One table, one schema, every entity type
The entire data model lives in a single DynamoDB table I call the Vault. Every entity type — tasks today, habits and notes and budgets tomorrow — shares the same table with different sort key prefixes. A new entity type requires zero schema changes, zero migrations, zero new tables. Just a new prefix.
The primary key model is simple: USER#<userId> as the partition key, TYPE#<id>as the sort key. Every user’s data lives in their own partition. Cross-user queries don’t exist by design — there’s nothing to leak, nothing to accidentally expose, no joins that could go wrong.
A single GSI keyed on updatedAthandles delta sync: “give me everything that changed since the last time I asked.” Because only primary records (not projection rows) write to this index, it’s sparse. Every row the GSI returns is authoritative. No filtering, no deduplication.
What I don’t have
No Redis. No Elasticsearch. No separate read replicas. No API gateway caching layer. No event sourcing. No CQRS framework. No service mesh. No Kubernetes.

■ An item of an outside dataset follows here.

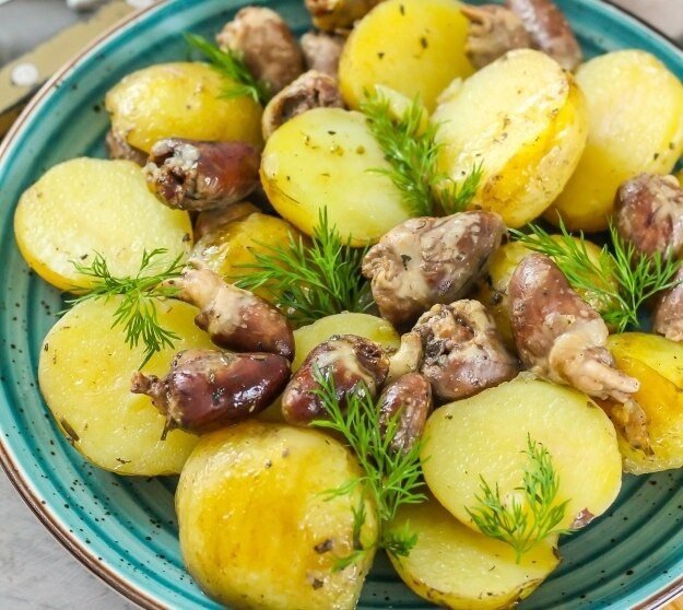 Кулинарное чудо: картошка с куриными сердечками в духовке

Each of those tools solves a real problem. But solving problems you don’t have is how systems become complex. Complexity isn’t a sign of sophistication — it’s a sign that you’re paying maintenance costs on problems you may never encounter.
The backend is a SAM template, a handful of Lambda functions, and one DynamoDB table. It deploys in minutes. There’s no infrastructure to keep warm, no clusters to right-size, no connection pools to tune. When nothing is running, the cost is effectively zero.

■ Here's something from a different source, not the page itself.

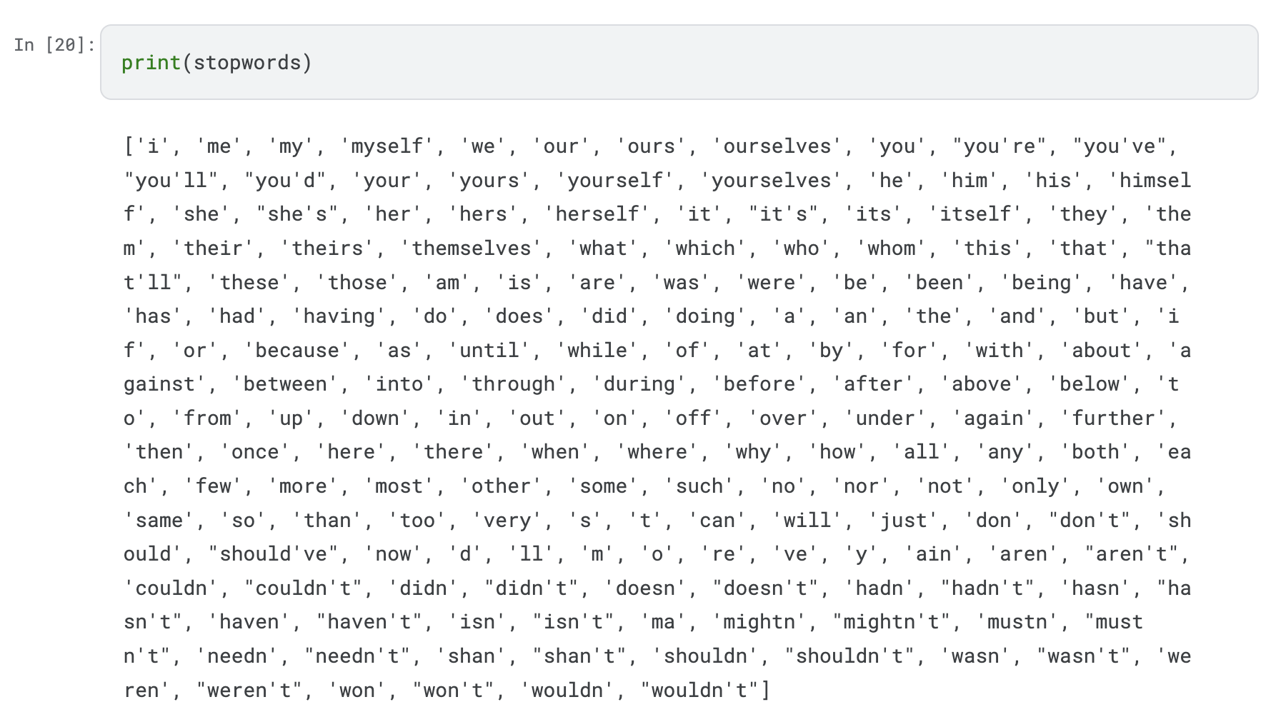 - Conveniently, NLTK comes with a predefined list of 153 english stopwords.

The discipline of not adding things
Architectural minimalism isn’t about being clever. It’s about resisting the pull of “what if we need it later.” Every component you add is a component you maintain, monitor, debug, and pay for — not just in money but in cognitive overhead. Every architectural decision you defer is one you don’t have to be right about yet.
The hardest part isn’t choosing the right tools. It’s having the discipline to not choose tools you don’t need. To sit with a system that feels too simple and ask: is it actually too simple, or am I just uncomfortable with how few things can go wrong?
So far, the answer has been the latter.